Summary of the invention
It is a primary object of the present invention to overcome deficiency in the prior art, a kind of automatic detection multiple organs of abdomen are provided
Position, and be able to solve the joint dividing method of multiple organ in the medical image of speed and precision problem.It is above-mentioned to solve
Technical problem, solution of the invention is:
The multiple organ dividing method based on depth convolutional neural networks and region-competitive model is provided, for abdominal CT A
(Computed Tomography Angiography, CT angiography) three-dimensional data, i.e. computed tomography blood vessel
Liver, spleen, left kidney, right kidney in contrastographic picture carry out while dividing, described competing based on depth convolutional neural networks and region
The multiple organ dividing method for striving model includes following processes:
One, training Three dimensional convolution neural network;
Two, liver, spleen, kidney and the background in trained Three dimensional convolution neural network learning CTA volume data are utilized
Prior probability image;
Three, the initial segmentation region of each tissue is determined by the prior probability image of various organization;
Four, determine that each pixel is belonging respectively to four kinds of probability organized in image;
Five, the multi_region model based on region-competitive is established;
Six, with convex optimization method solving model;
Seven, it is post-processed, obtains the profile of each organ;
The process one specifically include the following steps:
Step A: prepare training set: collecting size and be the abdomen Hepatic CT A volume data of 512 × 512 × n, and make these
The Standard Segmentation of the livers of data, spleen and kidney is as a result, wherein n is the number of plies of volume data;
Step B: designing the structure of convolutional neural networks, and input picture block size is 496 × 496 × 279, and output image is
The image block that four sizes are 496 × 496 × 256, respectively corresponds each pixel and belongs to background, liver, spleen and kidney
Probability value;
Step C: using the various parameters in training set training convolutional neural networks, by training set ready in step A
It is put into designed convolutional neural networks in step B to be trained, obtains the various parameters in convolutional neural networks, trained
At;
The process two specifically refers to:
If the image for needing to carry out organ segmentation is three-dimensional data I (x), image definition domain isPixel is x=
(x1, x2, x3);
By in the trained convolutional neural networks of image input process one to be tested, make each pixel quilt of image I (x)
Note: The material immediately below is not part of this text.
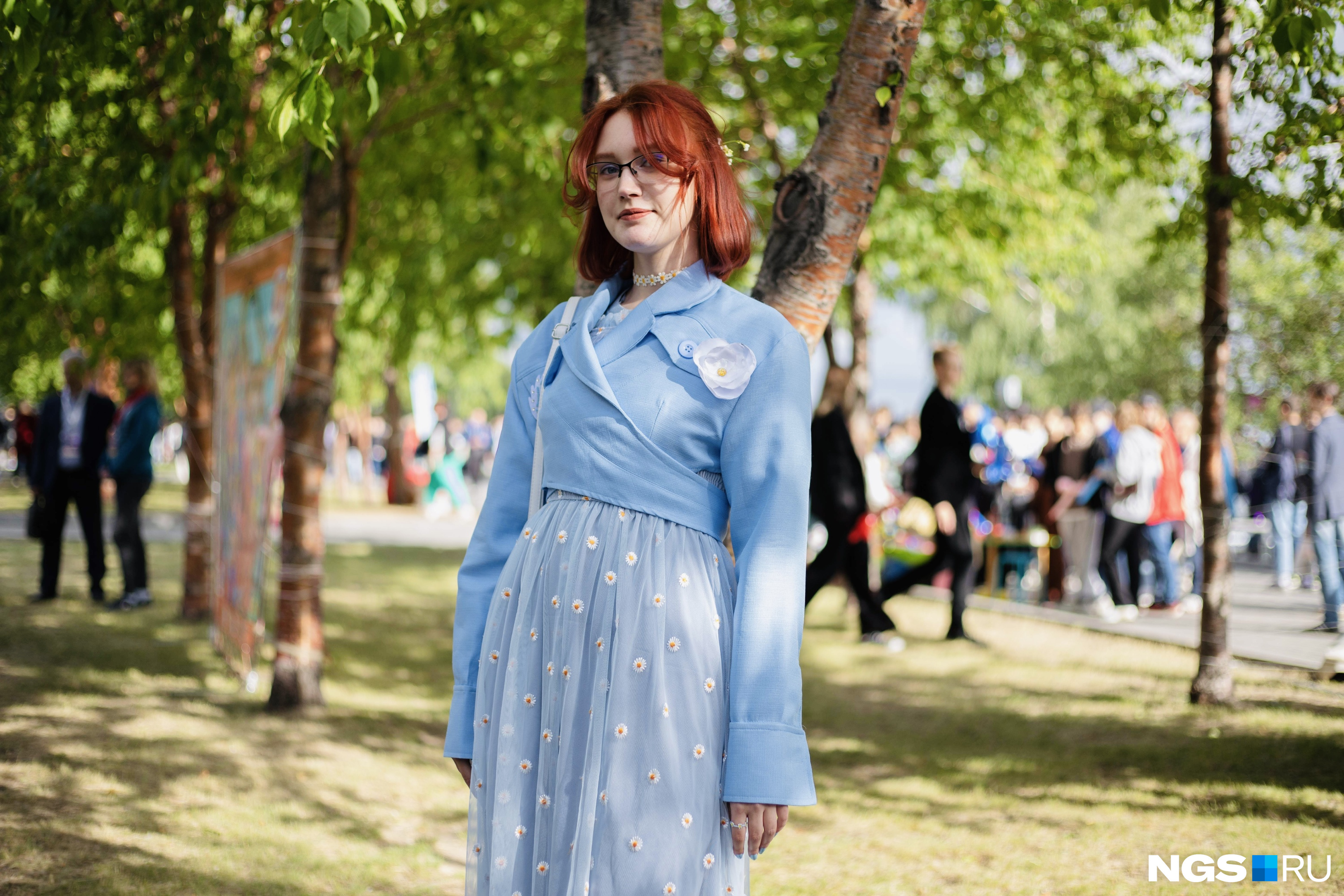 — Надела самое приличное, что нашла в шкафу. На вручение аттестата будет другое платье, я еще не выбрала. Хочу что-то в фиолетовых или голубых тонах, нравятся природные цветочные оттенки. Мне немного грустно сегодня, но счастье и радость я тоже чувствую — классное мероприятие. Немного волнуюсь о будущем, хочу поступить в НГУ на химический факультет, — рассказала Валерия.

The probability value for belonging to four kinds of tissues is assigned, it is respectively L that note, which belongs to the probability value of background, liver, spleen and kidney,0(x), L1(x),
L2(x) and L3(x), the size of x ∈ Ω, this four probability graphs are identical as original image size;
Wherein, symbolExpression is contained in, and symbol ∈ expression belongs to set;
The process three specifically refers to:
Respectively to probability graph Li(x), i=0,1,2,3 each pixel point value takes threshold value 0.5, greater than the pixel of threshold value
Belong to the histioid prime area Si, i=0,1,2,3;
The process four specifically refers to:
To the every bit pixel x in the original image I (x) of input, for the original area of background, liver, spleen and kidney
Domain Si, i=0,1,2,3, count the grey level histogram H in each regioni, i=0,1,2,3;Then according to the gray scale of pixel x
Value, by this gray value in grey level histogram HiIn shared ratio belong to the probability of i class as this pixel, be denoted as pi
(x);
The process five specifically include the following steps:
Step D: the label function for defining background, liver, spleen and kidney is respectively as follows:
For x ∈ Ω and satisfaction
ui(x) value is equal to 1 expression pixel x and belongs to the i-th class loading;
Wherein, symbol :=indicate to be defined as;Ω indicates image-region;Region Ωi, i=0,1,2,3 respectively represent background,
Liver, spleen and kidney region;Symbol ∪ indicates union of sets;∑ is summation symbol;
Step E: to original image I (x), it is as follows to calculate frontier probe function g (x):
Wherein, β is positive number (value 0.2), and symbol :=expression is defined as;SymbolIndicate gradient operator;Symbol | |
Indicate L2 norm;
Step F: the region-competitive model based on prior probability image and regional statistical information is established:
And calculate Ci(x) :=[α1(-log pi(x))+α2(-log Li(x))] g (x), i=0,1,2,3;
Wherein, g (x) is the frontier probe function that step E is defined;Symbol :=indicate to be defined as;Ω indicates image-region;
∫ΩIndicate the integral in the Ω of region;Dx indicates domain integral member;∑ is summation symbol;pi(x) pixel calculated for process four
Point x belongs to the probability of class i;Li(x) the pixel x to be obtained by process two belongs to the prior probability of class i;Log is indicated with 10
Seek logarithm in bottom;Symbol | | indicate L1Norm;α1, α2For normal number, for adjusting every weight, value section [20,
50] in;Indicate gradient operator;The λ refers to regularization parameter, and for adjusting every weight, value is between [0,20];
(C in the first item of above-mentioned energy functional (1)i(x) it is the item based on region, utilizes the prime area of each tissue
Grey-level statistics pi(x) and prior probability image Li(x), it estimates each pixel x and belongs to the i-th histioid cost function Ci
(x);Section 2 is the item based on boundary, can capture boundary information well, guarantees the slickness of liver profile being partitioned into;
Area item and border item pass through a frontier probe function g (x) and weight α1, α2, λ adaptive adjusting specific gravity, so that close
The place on boundary, model depend on boundary information, the smooth region in liver, and model depends on area information;It is optimal
SolutionIt is available by the above-mentioned energy functional of minimization)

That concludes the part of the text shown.